Note this problem trivially cannot be reduced to a "single term" since it the whole thing is a function, not a function application. The problem should probably be changed from
(λg.((λf.((λx.(f (x x)))(λx.(f (x x))))) g))
to something like
((λg.((λf.((λx.(f (x x)))(λx.(f (x x))))) g)) w)
in order to actually be interesting. But let's look at the original anyway.
We can unroll the expression into a neater form: (Note I'm using the symbol "=" loosely here, but it is pretty unambiguous what I mean).
c = (λf.(b b))
b = (λx.(f (x x)))
We clearly can replace f with g here, so we have
b = (λx.(g (x x)))
This certainly cannot be reduced; if we try to evaluate (b b), we obtain
(g (b b))
(g (g (b b)))
(g (g (g (b b))))
and so on.
Agreed, it doesn't make sense to waste an interesting challenge and make it trivial! The original question doesn't even need thinking as you mentioned! The outer Abstraction is not Applied to anything, so how can one reduce it to a single term?
(λg.(λf.((λx.(f (x x)))(λx.(f (x x))))) g)

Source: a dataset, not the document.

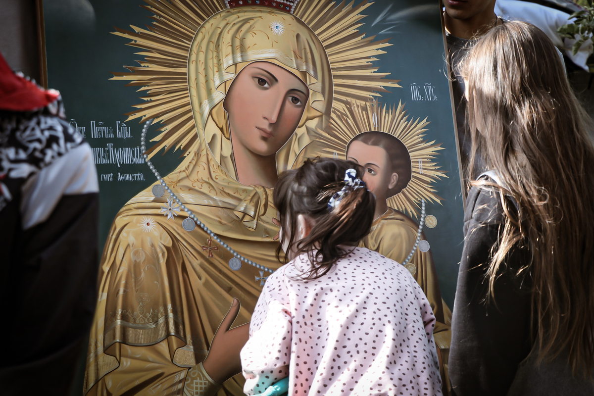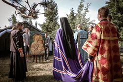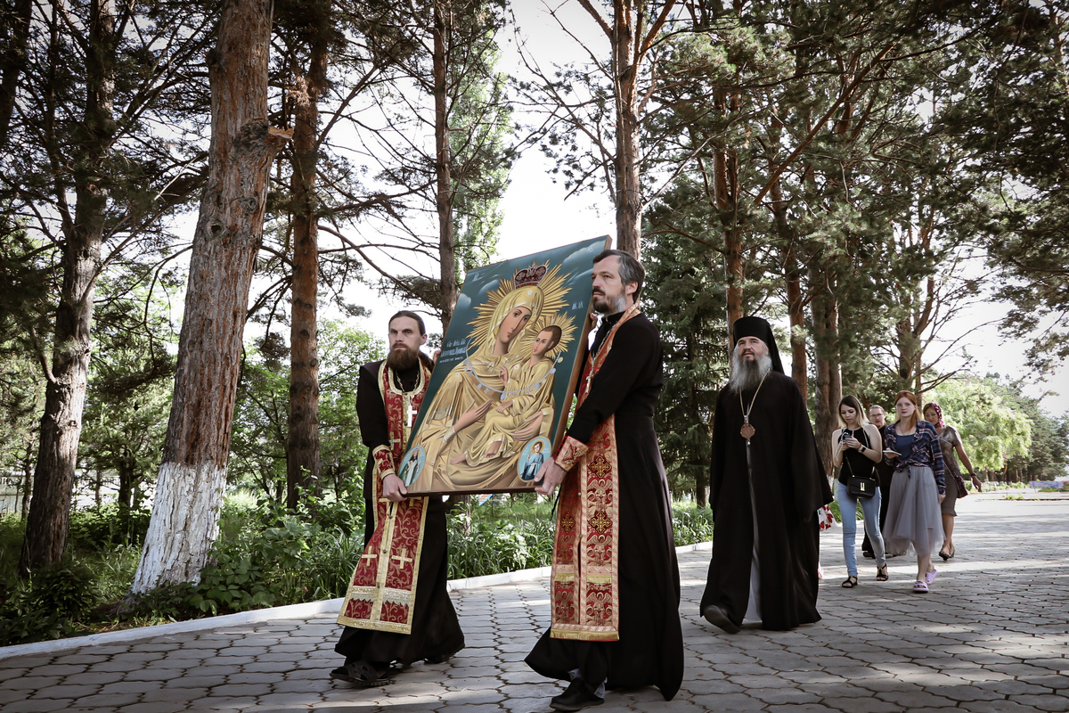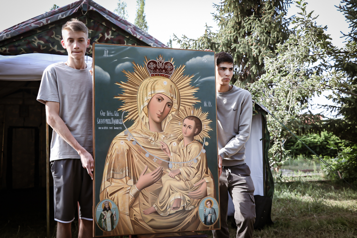 На детско-юношеский фестиваль из Бишкека привезли список Тихвинской иконы Божией Матери. Сразу после утреннего правила, епископ Савватий совершил молебен перед образом. По завершении богослужения дети прикладывались к списку, а владыка помазывал их освященным елеем. Затем Его Преосвященство обратился к присутствующим с архипастырским словом.

λg.((λx.(g (x x)))(λx.(g (x x))))
λg.((λx.(g x x))(λx.(g x x)))
λg.((g λx.(g x x) λx.(g x x)))
//Now this falls in recursion which makes it can't solve
I think that it is kind of missleading to put in CAN'T REDUCE in quotes in the question body. I tried to submit it like that and it failed. Perhaps they should change it so it is more clear.
I just guessed on this, but could someone explain how this function does not reduce? Is it just because this expression is at its top level a function (and not a constant or application), therefore, we can't reduce a function?

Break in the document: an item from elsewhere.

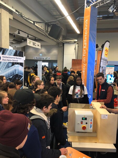 Auf der Bildungsmesse Jobs for Future in Mannheim informierten sich vom 13. bis 15. Februar 2020 junge Menschen über den Beruf „Mechatroniker/in für Kältetechnik“. Mitarbeiter der Bundesfachschule Kälte-Klima-Technik, der ESaK und unserer Landesinnung sowie Inhaber von Betrieben unsere Innung waren als Ansprechpartner für alle Bildungsangebote im Bereich Kälte- und Klimatechnik vor Ort.

It's related to the "omega function" solution to the previous problem.
It does reduce. It has a nested occurrence of Curry's combinator. Here is the result:
(λg.((λf.(f ((λx.(f (x x)))(λx.(f (x x)))) ((λx.(f (x x)))(λx.(f (x x))))) g)))
The reductions#3 exercise was also bugged.
Please have someone with a lambda calculus background revise all the lambda calculus exercises
The exercise requires you to reduce to "one term" (which here means a single variable name), or the result string must be "can't reduce". It does not mean you can't apply any reductions. Slightly confusing, I know.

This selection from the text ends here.